Trident replaced their whole line-up for the round at Spa-Francorchamps. Instead of Victor Carbone, Roman de Beer and Mitchell Gilbert, the team fielded Konstantin Tereshchenko, John Bryant-Meisner and Luca Ghiotto.

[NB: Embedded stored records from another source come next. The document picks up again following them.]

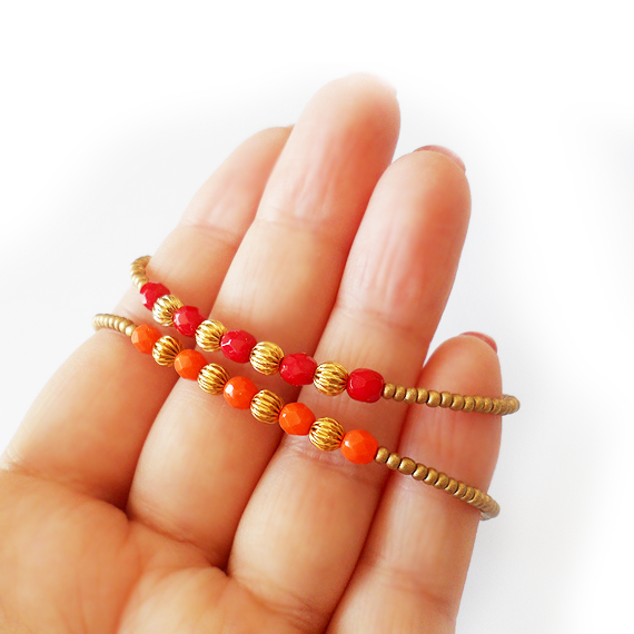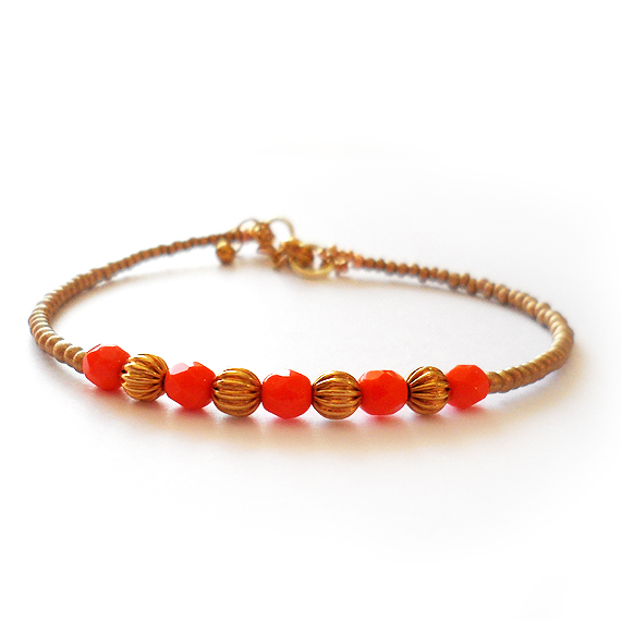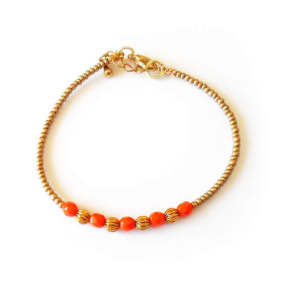 Original pulsera Sheyda que simboliza la pasión y el amor! Esta creada con bolitas facetadas de cristal en tono naranja , abalorios dorados y cuentas vintage en un precioso color dorado mate.Perfecta para mezclar con tus pulseras favoritas y dar un toque bohemio a tu estilo!
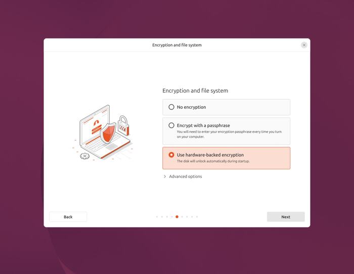 > Расширены возможности по использованию полнодискового шифрования, не требующего ввода пароля разблокировки диска при загрузке, благодаря хранению информации для расшифровки ключей в TPM
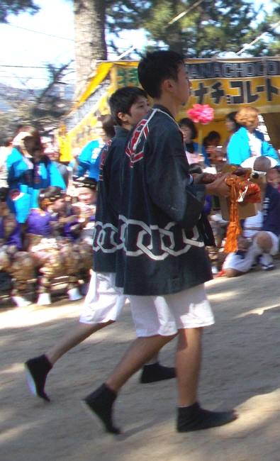 山車の海中渡御の間、笛を吹いていました。
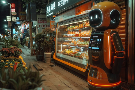 A Robotic Assistant Stands Outside a Convenience Store in a City at Night
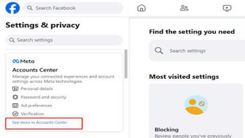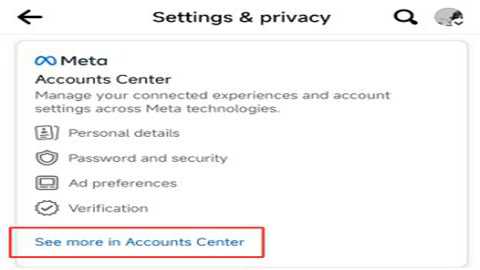 点击“在账户中心查看详情”,然后在“主页”中选择您的Facebook个人档案。
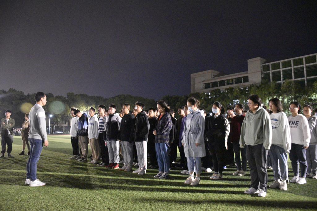 本网讯(学生记者 龚千惠)10月7日,晚上七点,我系在长江大学西校区操场上举行第十五届运动会动员大会,我系220人学院方阵,64人系部方阵全体同学为运动会开幕式做准备。经济与法学系党总支副书记杨杉杉、辅导员文国霞、卢佳智到场指导工作,动员大会由经法系学生会主席团成员主持。

They altered the lineup further in Monza; Ghiotto replaced Tereshchenko in the #23 car, while Gilbert returned to his seat in the #25.

Marussia Manor Racing pulled out of the Sochi round due to financial troubles. Patrick Kujala signed with Trident, replacing Bryant-Meisner, for Sochi; in Yas Marina he instead replaced Gilbert, while fellow Marussia driver Ryan Cullen took his place in the #24 car. Dean Stoneman signed with Koiranen GP, replacing Carmen Jordá.

Kang Ling made his GP3 Series début at Abu Dhabi with Trident, replacing Ghiotto.

==Calendar==
After the final race of the 2013 GP3 season, series organisers announced that the 2014 championship would include an event in Russia, supporting the 2014 Russian Grand Prix. On 6 December 2013, the full 2014 calendar was revealed with nine events, including races in Austria for the first time.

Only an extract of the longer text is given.